Now that you understand their importance, let’s take a closer look at each metric.
What Is Cost Per Lead?
Cost per lead is essentially the amount of money you spend on marketing to obtain a lead. Knowing your cost per lead helps you understand if your campaigns are working and how effective they are.
How to Calculate CPL
In order to calculate your cost per lead, you need to know your entire marketing budget for a year. Once you have that number, subtract any marketing expenses that are used for building long-term brand equity and other expenses that aren’t designed to generate sales. Then, take that number and divide it by the number of leads you generate each year.

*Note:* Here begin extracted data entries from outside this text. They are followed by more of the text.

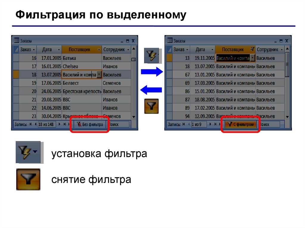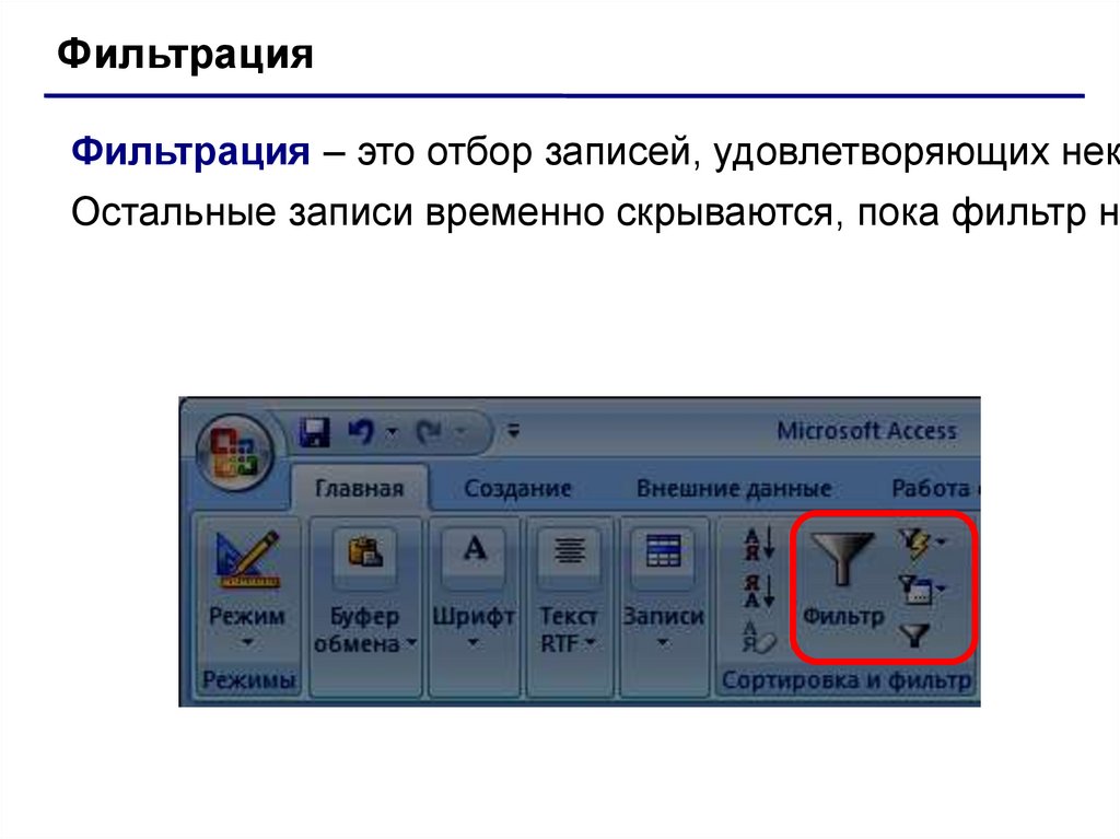 ФильтрацияФильтрация – это отбор записей, удовлетворяющих нек
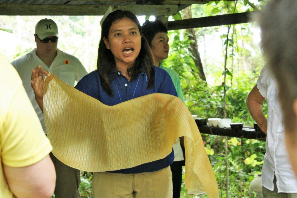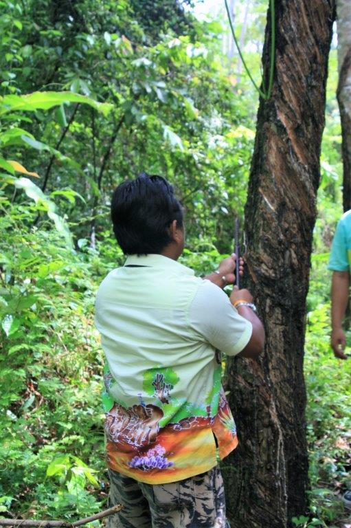 When we arrived we had a demonstration of how latex is harvested from rubber trees.
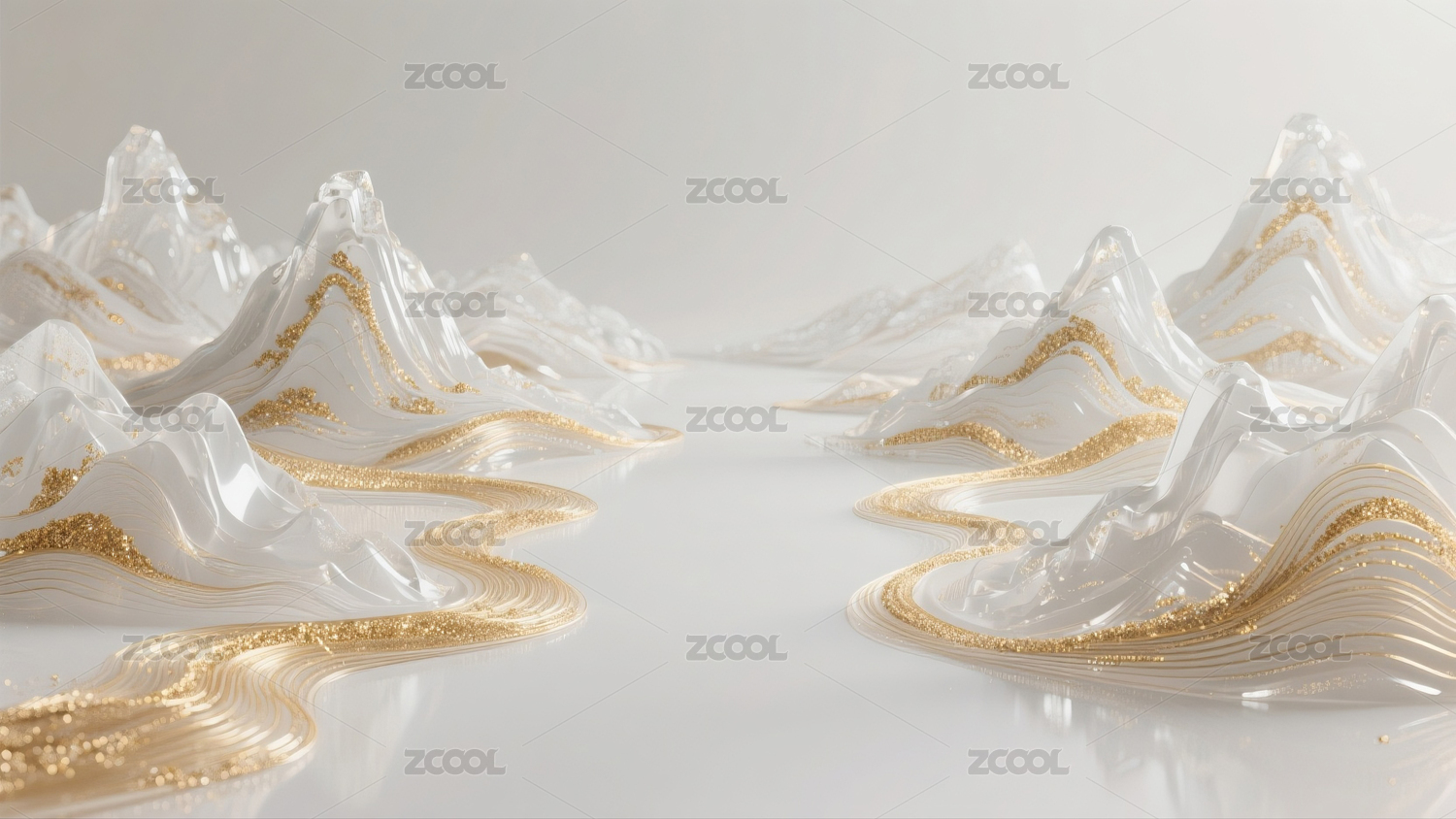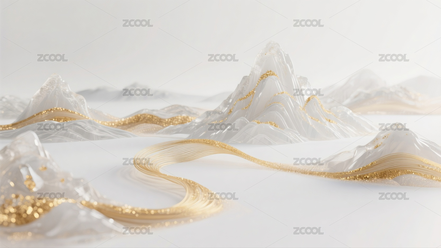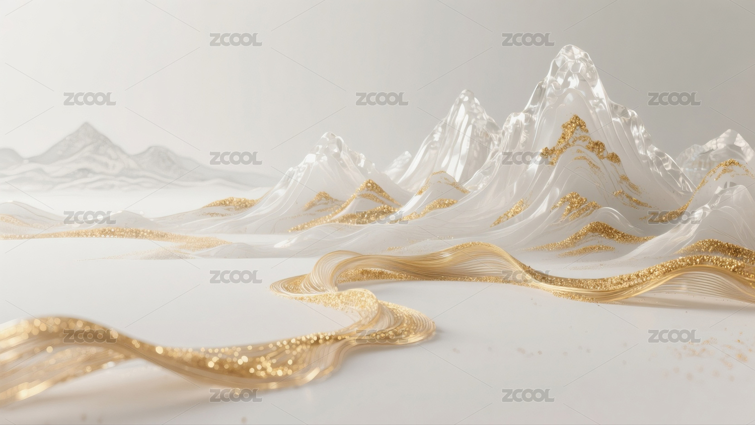 白色,玻璃,山脉,山,金色,线条,曲线,弯曲,水晶,国风
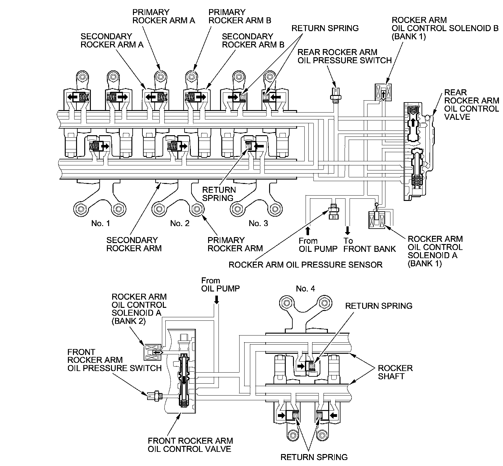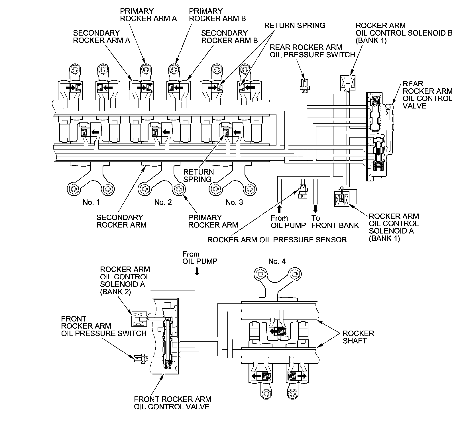 When rocker arm oil control solenoids B (Bank 1) and A (Bank 2) are turned on by PCM, the front and rear rocker arm oil control valves switch the oil pressure. Oil pressure then enters the No. 3 and No. 4 cylinder's secondary rocker arm from the oil passage in the rocker shaft, causing the VTEC switching piston to slide into the primary rocker arm and against the return spring. This disengages the secondary rocker arm from the primary rocker arm to stop valve activation. The No. 3 and No. 4 cylinder's rocker arms do not move, and the No. 3 and No. 4 cylinders are paused. In the other four cylinders, oil pressure from the front and rear rocker arm oil control valves lock the primary and secondary rocker arms together. The rocker arms are moved by the camshaft, and the four cylinders are active.
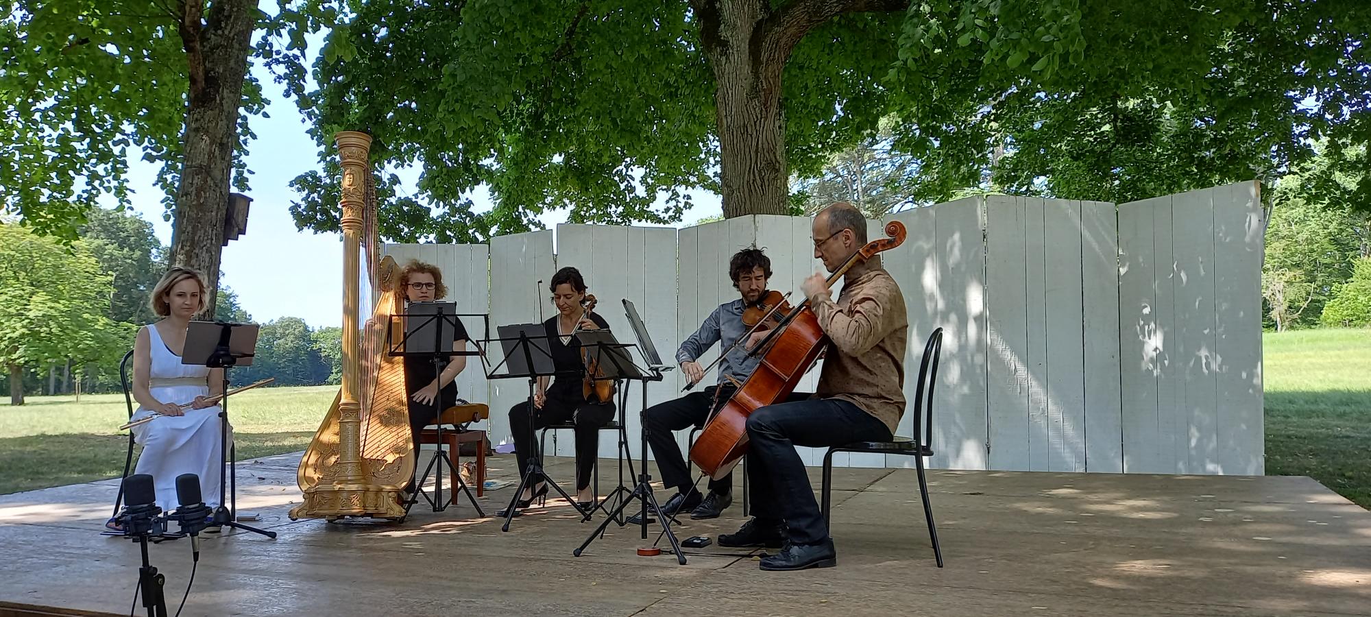 – Le samedi 19 juillet, 16h00 : Trio Kawa – Contes de Mahabharata. Musique et danse de l’Inde sur les contes de Mahabharata, par les frères Kawa, groupe de musique traditionnelle Soufi, originaire de Jaipur au Rajasthan (Inde). Une animation de handpan par Etienne Joly, 17h00 : le hand-pan est un instrument de musique à percussion mélodique, créé à la fin des années 1990. Il se compose de deux demi-coupelles en acier, embouties, jointes ensemble. Le handpan se joue posé sur les cuisses. Le joueur le fait résonner en tapant dessus avec les mains et les doigts. Un récital de mélodies françaises, 20h30 : la mélodie française est un genre qui unit musique et poésie. Les chefs d’œuvre de Debussy, Ravel et Poulenc, inspirés par les poètes tels que Apollinaire, Eluard, Gautier, seront interprétés, ainsi que des œuvres de Rosenthal et Godard, inspirés des poèmes de Nino et de La Fontaine évoquant l’univers de l’enfance.

Cost Per Lead = (Annual Marketing Budget – Qualifying Expenses) / Number of Leads Generated Each Year
What Is Cost Per Sale?
Cost per lead is extrapolated from cost per lead. Essentially, it’s how many leads it takes to generate one sale.
Why It Matters
Many times, inexperienced or new business owners take no time to understand their cost per lead and cost per sale. They think that as long as money is coming through the door, it’s good money. Meanwhile, they’re paying an extravagant amount of money for that lead and they’re barely making any money off the sale. They have to generate three to four times the number of sales they would need to if their CPS and CPL were lower just to stay in business. Essentially, they’re working much harder than they should.
How to Use these Metrics to Improve Your Business Model
If you know your cost per lead and cost per sale, you can calculate the margin you’re making on your sales. This will help you determine whether your business model is sustainable. While all markets vary, profit margins generally fall between 5% to 20%. 10% is about average, and anywhere above is considered to be very good.
Once you understand your cost per lead and cost per sale, you can work on ways to increase your profit margin. This could include reducing costs, increasing sales, or raising your prices. For example, if your margin is 20% and you’re able to increase the sale price of your total product by 10% then you’ve probably just increased your profit margin by 50%.
The bottom line is, knowing these figures can help you figure out some simple adjustments that can vastly improve your business model.